Many schools and other public services in SE1 were closed on Wednesday because of strike action over changes to pensions.
• Most schools in SE1 were closed
• London Ambulance Service control room in Waterloo was operating with reduced staffing
• Some galleries at Tate Modern were shut
• Some classes at Morley College were cancelled
• Some teaching at London South Bank University was disrupted
• Waterloo Library was closed
• Refuse and recycling collections in Southwark were disrupted
• Some staff at Southwark Crown Court were on strike
"At a time of year on year real term pay cuts, sky-rocketing energy prices and spiralling transport costs, the Government is telling public sector workers that they have to pay an average of 50 per cent more in pension contributions," explains Bronwyn Murphy, Unison branch secretary at London South Bank University.
"Not only are these changes unfair, but they are unnecessary. The Local Government Pension Scheme, which many of our members pay into, is cash rich, taking more in contributions than it pays out in pensions each year.
"The biggest threat to the long-term well-being of the pension scheme comes from these proposed changes, which will reduce the number of people joining due to such prohibitive costs and force existing members to leave. The Government is not solving a crisis but creating one."
Unison general secretary Dave Prentis was at St Thomas' Hospital at 6.45am on Wednesday to meet staff. Among those in the crowd at the Westminster Bridge entrance were both young people and long-standing hospital employees looking to their retirement.

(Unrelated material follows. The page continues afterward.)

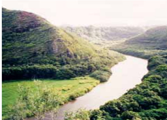
Uno de los ríos de Burundi

"There are hundreds of thousands of Unison members are taking action to protect their pensions today – with solid support across the country," said Dave Prentice.

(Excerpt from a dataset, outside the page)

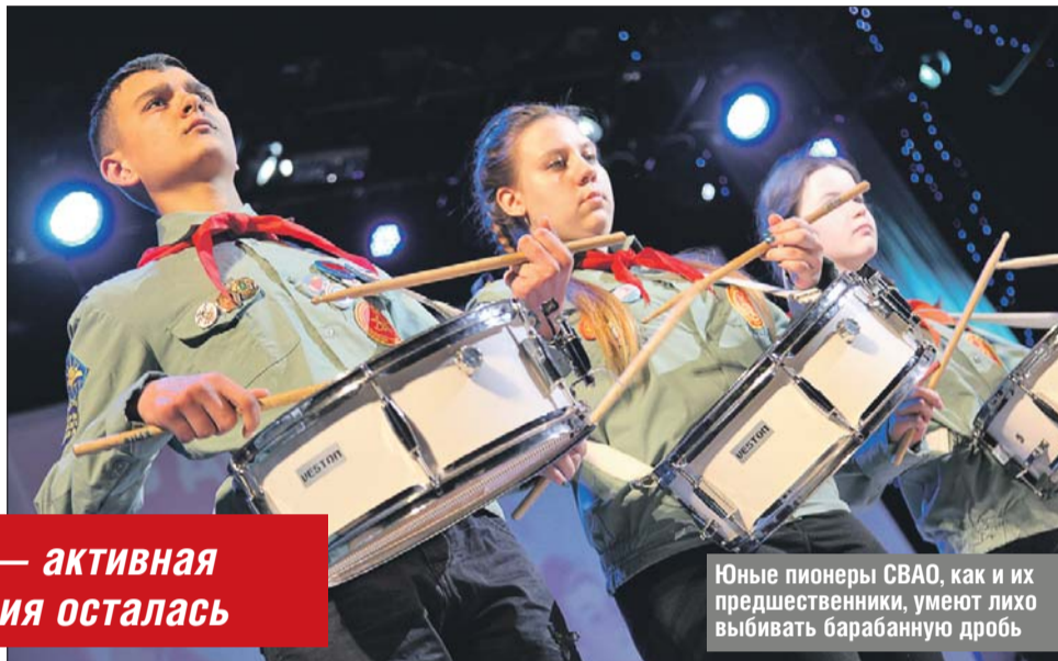
Юные пионеры СВАО, как и их предшественники, умеют лихо выбивать барабанную дробь

Сегодня пионеры помогают ветеранам, ходят на общегородские субботники и

"We know that today's strike is being led by women – 3.7 million could be affected by the plans to make detrimental changes to pensions. And they won't be fooled by government ministers' claims that their justified action will hit jobs. They know the real reason that the dole queues are growing are the disastrous choices the government is making.
"Its own Office of Budgetary Responsibility has predicted that 710,000 public sector jobs will go by 2017. This, alongside pay freezes and the pensions tax, will suck vital demand out of our economy – strangling any chance of the private sector coming to our rescue."

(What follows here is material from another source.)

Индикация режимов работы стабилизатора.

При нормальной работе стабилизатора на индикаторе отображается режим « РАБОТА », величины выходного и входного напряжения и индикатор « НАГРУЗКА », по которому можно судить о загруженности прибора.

Later the Unison leader was at City Hall before meeting striking staff from the Equalities and Human Rights Commission in Tooley Street. Opposite was a picket outside Southwark Council's main offices.
On Tuesday night Southwark Council's Labour administration gave its backing to the strikers.
"I'd like to say, on behalf of everyone on this side of the chamber, that we wholeheartedly support the action that is taking place tomorrow," said Cllr Richard Livingstone, cabinet member for finance, resources and community safety.
"We know that it is the Government that has forced you into this position."
Cllr Livingstone was responding to a deputation from Southwark Trades Union Council.
The council is expected to save £250,000 in wages from Wednesday's strike. Cllr Livingstone agreed to implement a suggestion from the deputation that the cash be set aside for initiatives to combat youth unemployment.
"We are now under severe pressure as a result of today's industrial action, and a significant number of our patients are waiting to be sent an ambulance response," said Jason Killens, deputy director of operations.
"As ever, we are continuing to give priority to those people with the most serious or life-threatening illnesses or injuries, and we are sorry for any delays people are facing.
"We are doing all that we can to maintain the safest possible service in very difficult circumstances and are working with unions to try to improve the emergency cover their members are providing."